Abstract:Recent advancements in vision-language models have enhanced performance by increasing the length of visual tokens, making them much longer than text tokens and significantly raising computational costs. However, we observe that the visual tokens generated by popular vision encoders, such as CLIP and SigLIP, contain significant redundancy. To address this, we introduce VisionZip, a simple yet effective method that selects a set of informative tokens for input to the language model, reducing visual token redundancy and improving efficiency while maintaining model performance.

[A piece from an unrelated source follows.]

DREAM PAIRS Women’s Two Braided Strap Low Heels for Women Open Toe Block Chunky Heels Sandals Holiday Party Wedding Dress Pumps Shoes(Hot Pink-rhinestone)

The proposed VisionZip can be widely applied to image and video understanding tasks and is well-suited for multi-turn dialogues in real-world scenarios, where previous methods tend to underperform. Experimental results show that VisionZip outperforms the previous state-of-the-art method by at least 5% performance gains across nearly all settings. Moreover, our method significantly enhances model inference speed, improving the prefilling time by 8x and enabling the LLaVA-Next 13B model to infer faster than the LLaVA-Next 7B model while achieving better results. Furthermore, we analyze the causes of this redundancy and encourage the community to focus on extracting better visual features rather than merely increasing token length. Our code is available at <a class="link-external link-https" href="https://github.com/dvlab-research/VisionZip" rel="external noopener nofollow">this https URL</a> .

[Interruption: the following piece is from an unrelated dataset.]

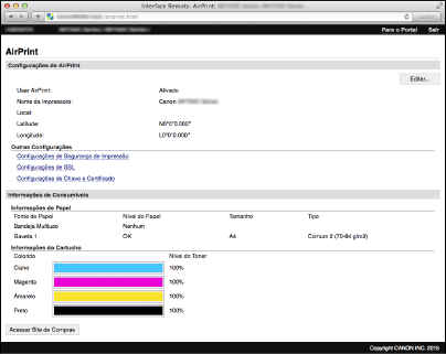 Pode ver o ecrã do AirPrint que lhe permite não só aceder às definições do AirPrint como, também, ver as informações relativas aos consumíveis, tais como o papel e as cartridges de toner. Também pode configurar as definições de segurança (

Computer Vision and Pattern Recognition,Artificial Intelligence,Computation and Language,Machine Learning
What problem does this paper attempt to address?
### What problem does this paper attempt to solve?

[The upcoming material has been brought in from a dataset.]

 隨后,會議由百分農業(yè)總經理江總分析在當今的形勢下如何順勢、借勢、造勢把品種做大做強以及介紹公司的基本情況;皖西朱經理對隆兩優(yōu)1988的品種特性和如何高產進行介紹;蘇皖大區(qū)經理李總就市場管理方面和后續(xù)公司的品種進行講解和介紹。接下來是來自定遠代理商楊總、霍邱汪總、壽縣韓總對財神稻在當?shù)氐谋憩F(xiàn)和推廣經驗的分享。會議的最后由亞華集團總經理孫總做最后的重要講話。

This paper aims to solve the problem of visual token redundancy in Vision - Language Models (VLMs). Specifically:
1. **High computational cost due to long visual tokens**: In recent years, increasing the length of visual tokens to improve the performance of VLMs has become a trend. For example, in LLaVA - 1.5, the number of visual tokens is 576, while in LLaVA - NeXT, a 672x672 image will generate more than 2,880 visual tokens. This makes the number of visual tokens far exceed the number of text tokens, resulting in significant computational and memory consumption.
2. **Visual token redundancy**: By analyzing the visual tokens generated by widely - used visual encoders such as CLIP and SigLIP, the authors found that most visual tokens receive very little attention, and only a few tokens contain a large amount of information. This means that the existing visual tokens have a large amount of redundancy. These redundancies not only increase the computational burden but may also affect the model's judgment as noise, leading to performance degradation.
### Solution
To address the above problems, the authors proposed the **VisionZip** method, whose main goals are:
- **Reduce visual token redundancy**: By selecting the most informative visual tokens, reduce the number of unnecessary tokens, thereby reducing computational and memory consumption.
- **Maintain or improve model performance**: While reducing the number of visual tokens, ensure that the model's performance does not significantly decline or even improves.
### Method overview
The specific implementation of VisionZip includes the following steps:
1. **Dominant Token Selection**: Based on the attention mechanism, select those visual tokens that receive the most attention. For models with CLS tokens (such as CLIP), use the attention scores of CLS tokens to identify key visual tokens; for models without CLS tokens (such as SigLIP), calculate the average attention received by each token from other tokens in the sequence.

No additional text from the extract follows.